Okay, the good news is that you did a good job cleaning your intake ports. The intake port sooting results are very good.
You definitely need a SW update on your DDE though. If you go to a dealer, make sure they don't talk you into replacing your injectors. They are most likely fine. Tell them to read SIB13-04-14.
If you want to take the drive to MI, I can do the SW update for you. Don't attempt it yourself unless you have a good power supply (not charger) with at least 50A. The procedure usually takes several hours.
In your operation reports I don't see that you did the increment wheel adaptations - you sure you did them?


----------



## spamcop01 (Oct 17, 2019)

mik325tds said:


> In your operation reports I don't see that you did the increment wheel adaptations - you sure you did them?

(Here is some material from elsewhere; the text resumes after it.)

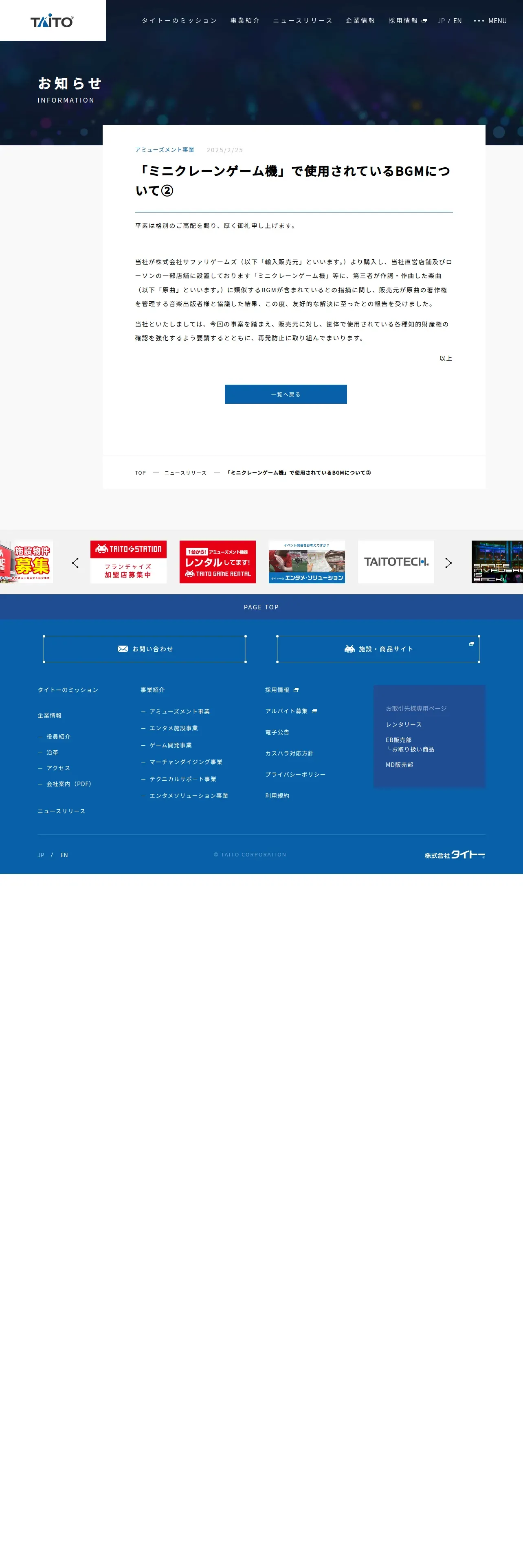 https://www.taito.co.jp:443/corporate/news_release/26755

Thx, Michael! Yes, I've executed the wheel adaptations reset multiple times and every time it says it's been successful. If I knew the proper steps within ISTA, I'd generate an ops report every time, but I'm still not sure how I even got the one I uploaded. As I said, I don't even know how to gracefully get out of it half the time. It's not a very intuitive tool.

Thx for the offer, but that's a pretty long road-trip.  Can indy shops do this work or would you recommend sticking with a dealer? Also, what specific service do I ask for? For example, can I ask just for a DDE SW update or do I need a full integration level upgrade?

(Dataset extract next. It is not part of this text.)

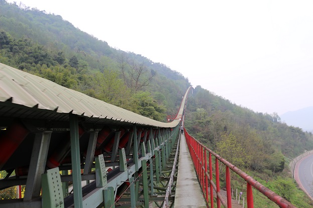 經(jīng)亞東水泥采掘二組陳主任對游走皮帶的相關(guān)事項(xiàng)進(jìn)行詳細(xì)講解并配發(fā)手套、飲水后,同仁們分成兩組由亞泥同事帶隊(duì)出發(fā)。12:10,歷經(jīng)兩個半小時的游覽后,全體同仁勝利到達(dá)終點(diǎn),前往農(nóng)家樂休歇。總投資人民幣3億元,歷時2年興建的長皮帶工程,于2009年3月正式投入營運(yùn)。皮帶全長12.6km,由皮帶廊道、轉(zhuǎn)站、倉棚等組成,主要采用高架橋方式,基礎(chǔ)型式為獨(dú)立基礎(chǔ),最高距地落差近百米。

One other thing: in your note you metioned SIB13-04-14. In there it says "Target integration (new): E89X-14-11-501" which is what I'm on. But I still need a newer one, right?


----------



## mik325tds (May 29, 2020)

spamcop01 said:


> Thx, Michael! Yes, I've executed the wheel adaptations reset multiple times and every time it says it's been successful. If I knew the proper steps within ISTA, I'd generate an ops report every time, but I'm still not sure how I even got the one I uploaded. As I said, I don't even know how to gracefully get out of it half the time. It's not a very intuitive tool.
> 
> Thx for the offer, but that's a pretty long road-trip.  Can indy shops do this work or would you recommend sticking with a dealer? Also, what specific service do I ask for? For example, can I ask just for a DDE SW update or do I need a full integration level upgrade?
> 
> One other thing: in your note you metioned SIB13-04-14. In there it says "Target integration (new): E89X-14-11-501" which is what I'm on. But I still need a newer one, right?

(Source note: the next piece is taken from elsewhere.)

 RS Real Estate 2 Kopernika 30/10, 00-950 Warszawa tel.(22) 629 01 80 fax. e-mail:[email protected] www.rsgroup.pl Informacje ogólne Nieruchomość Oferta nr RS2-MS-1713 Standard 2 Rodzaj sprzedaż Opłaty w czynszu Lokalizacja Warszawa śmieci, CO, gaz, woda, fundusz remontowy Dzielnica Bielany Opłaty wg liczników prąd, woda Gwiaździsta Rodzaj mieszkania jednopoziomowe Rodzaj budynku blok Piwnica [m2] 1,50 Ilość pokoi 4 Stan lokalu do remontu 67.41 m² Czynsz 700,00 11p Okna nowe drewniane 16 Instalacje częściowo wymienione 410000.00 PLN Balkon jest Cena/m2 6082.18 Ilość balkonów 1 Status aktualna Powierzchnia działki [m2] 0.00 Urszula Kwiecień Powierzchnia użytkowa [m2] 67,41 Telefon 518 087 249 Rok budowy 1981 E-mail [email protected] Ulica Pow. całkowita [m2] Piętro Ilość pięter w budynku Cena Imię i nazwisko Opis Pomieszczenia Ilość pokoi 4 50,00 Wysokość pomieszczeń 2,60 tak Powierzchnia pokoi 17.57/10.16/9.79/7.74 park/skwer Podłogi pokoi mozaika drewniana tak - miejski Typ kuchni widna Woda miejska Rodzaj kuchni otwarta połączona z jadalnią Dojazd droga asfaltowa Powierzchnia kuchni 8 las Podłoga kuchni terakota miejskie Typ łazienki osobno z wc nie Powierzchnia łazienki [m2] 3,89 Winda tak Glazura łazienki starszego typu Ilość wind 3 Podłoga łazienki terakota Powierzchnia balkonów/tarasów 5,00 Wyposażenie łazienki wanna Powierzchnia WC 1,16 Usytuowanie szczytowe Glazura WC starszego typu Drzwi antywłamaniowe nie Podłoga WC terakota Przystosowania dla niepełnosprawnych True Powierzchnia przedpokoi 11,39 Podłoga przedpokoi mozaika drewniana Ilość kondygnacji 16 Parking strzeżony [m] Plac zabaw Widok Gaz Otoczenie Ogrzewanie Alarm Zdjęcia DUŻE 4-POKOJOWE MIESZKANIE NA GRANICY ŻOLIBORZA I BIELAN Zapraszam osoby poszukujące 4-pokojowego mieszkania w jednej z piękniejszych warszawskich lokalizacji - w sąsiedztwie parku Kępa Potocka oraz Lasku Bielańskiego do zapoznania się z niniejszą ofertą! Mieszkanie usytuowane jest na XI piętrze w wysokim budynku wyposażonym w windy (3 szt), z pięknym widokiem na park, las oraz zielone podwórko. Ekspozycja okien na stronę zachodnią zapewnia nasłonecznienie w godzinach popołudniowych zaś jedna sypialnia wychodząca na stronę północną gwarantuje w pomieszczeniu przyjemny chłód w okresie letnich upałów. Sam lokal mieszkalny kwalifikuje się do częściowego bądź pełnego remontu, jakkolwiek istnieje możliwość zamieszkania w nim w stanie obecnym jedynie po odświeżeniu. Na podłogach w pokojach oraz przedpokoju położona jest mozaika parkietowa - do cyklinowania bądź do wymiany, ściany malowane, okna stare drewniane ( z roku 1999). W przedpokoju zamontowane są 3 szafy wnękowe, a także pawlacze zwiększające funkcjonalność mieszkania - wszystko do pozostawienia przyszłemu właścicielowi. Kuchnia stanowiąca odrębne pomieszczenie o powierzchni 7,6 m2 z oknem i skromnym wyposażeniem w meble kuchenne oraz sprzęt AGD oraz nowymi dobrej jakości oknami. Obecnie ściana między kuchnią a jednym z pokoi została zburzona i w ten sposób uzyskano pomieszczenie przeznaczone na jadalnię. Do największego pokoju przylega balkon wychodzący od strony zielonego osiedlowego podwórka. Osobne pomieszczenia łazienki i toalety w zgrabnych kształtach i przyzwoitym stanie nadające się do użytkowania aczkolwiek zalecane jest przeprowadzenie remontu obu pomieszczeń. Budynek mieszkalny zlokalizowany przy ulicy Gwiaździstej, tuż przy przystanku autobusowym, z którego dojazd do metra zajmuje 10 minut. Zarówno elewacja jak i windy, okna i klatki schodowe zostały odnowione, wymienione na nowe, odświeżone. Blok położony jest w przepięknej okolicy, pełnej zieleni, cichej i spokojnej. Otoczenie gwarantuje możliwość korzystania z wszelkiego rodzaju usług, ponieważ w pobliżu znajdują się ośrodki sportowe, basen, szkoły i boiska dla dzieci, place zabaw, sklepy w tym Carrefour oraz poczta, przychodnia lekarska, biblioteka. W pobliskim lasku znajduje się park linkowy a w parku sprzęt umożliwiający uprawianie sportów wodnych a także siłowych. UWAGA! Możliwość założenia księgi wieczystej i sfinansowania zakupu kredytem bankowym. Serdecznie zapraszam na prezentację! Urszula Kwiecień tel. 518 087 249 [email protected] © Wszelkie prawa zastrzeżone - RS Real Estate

You can find printouts of each session in ISTA in the folder Rheingold/Print on your hard drive. I'd still recommend going to the newest integration level. Try going to a dealer and ask if they would preemptively update the SW of your car because of the problem with the FRM in the E90. That should be done at no cost because it saves them from replacing the FRM when it dies eventually. They usually flash the whole car to the newest integration level then.


----------



## MADCA (11 mo ago)

Hi everyone Newbie here, and I am learning as i go along. I just bought the vehicle used from original owner (2011 335d). It runs great except I kept getting the service engine light coming on and off. After a scan I got these errors (4b06,4b03, 4b05). The OG owner stated that they had just performed the intake cleaning. He did not have the service records but he had a book of journal entries that seemed legit.

After doing some research I installs ISTA Rheingold and tool 32. I attempted to reset the increment wheel adaptations but this did not work for me. I also tried to run the intake soot test however the software kept giving me warnings that the communications with the DDE kept getting interrupted. I suspect my SW is too old or i have a bad FRM that is intermittently communicating with DDE. However, after all the research I have done I still have no real idea what I am doing. Here is the report i got from ISTA.

Any help is much appreciated. I am heading to a dealer to see if I can warranty the FRM and if they will update the software for me. For the FRM warranty, I am under the mileage but I think the 10 years may have just expired.

*Update I went to the dealer they TD me the vehicle was out of warranty so I am SOL on the FRM module if that is the problem. I asked how much to update the SW they said 250 just to hook up to the vehicle and another 600 to update the SW.*


----------